Re: [PATCH v5 3/3] blk-mq: Fix a race between iterating over requests and freeing requests

From: Jens Axboe <axboe@kernel.dk>
To: Khazhy Kumykov <khazhy@google.com>,
	Bart Van Assche <bvanassche@acm.org>,
	John Garry <john.garry@huawei.com>
Cc: linux-block@vger.kernel.org, Christoph Hellwig <hch@lst.de>,
	"Martin K . Petersen" <martin.petersen@oracle.com>,
	Shin'ichiro Kawasaki <shinichiro.kawasaki@wdc.com>,
	Ming Lei <ming.lei@redhat.com>, Hannes Reinecke <hare@suse.de>,
	Johannes Thumshirn <johannes.thumshirn@wdc.com>
Subject: Re: [PATCH v5 3/3] blk-mq: Fix a race between iterating over requests and freeing requests
Date: Mon, 5 Apr 2021 15:34:40 -0600	[thread overview]
Message-ID: <54474b65-ffa4-9335-f7a2-5b49ccf169d4@kernel.dk> (raw)
In-Reply-To: <CACGdZYJh6ZvVekC8eBvz3SmN-TH8hTAmMQrvHtLJsKyL3R_fLw@mail.gmail.com>

On 4/5/21 12:08 PM, Khazhy Kumykov wrote:
> On Sun, Apr 4, 2021 at 5:28 PM Bart Van Assche <bvanassche@acm.org> wrote:
>> diff --git a/block/blk-mq-tag.c b/block/blk-mq-tag.c
>> index 116c3691b104..e7a6a114d216 100644
>> --- a/block/blk-mq-tag.c
>> +++ b/block/blk-mq-tag.c
>> @@ -209,7 +209,11 @@ static bool bt_iter(struct sbitmap *bitmap, unsigned int bitnr, void *data)
>>
>>         if (!reserved)
>>                 bitnr += tags->nr_reserved_tags;
>> -       rq = tags->rqs[bitnr];
>> +       /*
>> +        * Protected by rq->q->q_usage_counter.

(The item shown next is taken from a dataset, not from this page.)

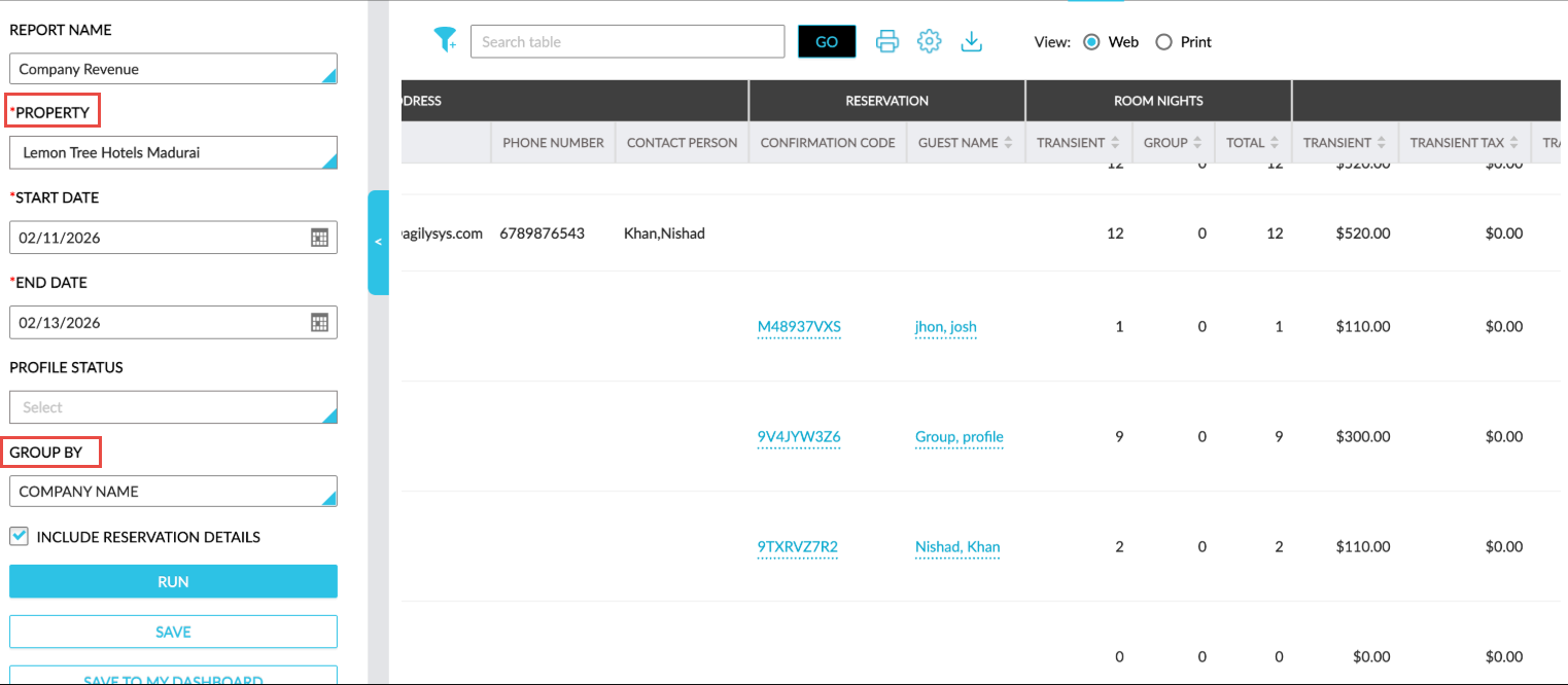 When selected, the records in the generated report are grouped based on the company name. An accordion is displayed for each company name that displays the company profile name as a hyperlink when expanded. When users click on the hyperlink and when a single property is selected, they will be navigated to the profile in the currently logged-in property.

See also
>> +        * blk_mq_queue_tag_busy_iter().
>> +        */
>> +       rq = rcu_dereference_check(tags->rqs[bitnr], true);
> 
> maybe I'm missing something, but if this tags struct has a shared
> sbitmap, what guarantees do we have that while iterating we won't
> touch requests from a queue that's tearing down? The check a few lines
> below suggests that at the least we may touch requests from a
> different queue.
> 
> say we enter blk_mq_queue_tag_busy_iter, we're iterating with raised
> hctx->q->q_usage_counter, and get to bt_iter
> 
> say tagset has 2 shared queues, hctx->q is q1, rq->q is q2
> (thread 1)
> rq = rcu_deref_check
> (rq->q != hctx->q, but we don't know yet)
> 
> (thread 2)
> elsewhere, blk_cleanup_queue(q2) runs (or elevator_exit), since we
> only have raised q_usage_counter on q1, this goes to completion and
> frees rq. if we have preempt kernel, thread 1 may be paused before we
> read rq->q, so synchonrize_rcu passes happily by
> 
> (thread 1)
> we check rq && rq->q == hctx->q, use-after-free since rq was freed above
> 
> I think John Garry mentioned observing a similar race in patch 2 of
> his series, perhaps his test case can verify this?
> 
> "Indeed, blk_mq_queue_tag_busy_iter() already does take a reference to its
> queue usage counter when called, and the queue cannot be frozen to switch
> IO scheduler until all refs are dropped. This ensures no stale references
> to IO scheduler requests will be seen by blk_mq_queue_tag_busy_iter().
> 
> However, there is nothing to stop blk_mq_queue_tag_busy_iter() being
> run for another queue associated with the same tagset, and it seeing
> a stale IO scheduler request from the other queue after they are freed."
> 
> so, to my understanding, we have a race between reading
> tags->rq[bitnr], and verifying that rq->q == hctx->q, where if we
> schedule off we might have use-after-free? If that's the case, perhaps
> we should rcu_read_lock until we verify the queues match, then we can
> release and run fn(), as we verified we no longer need it?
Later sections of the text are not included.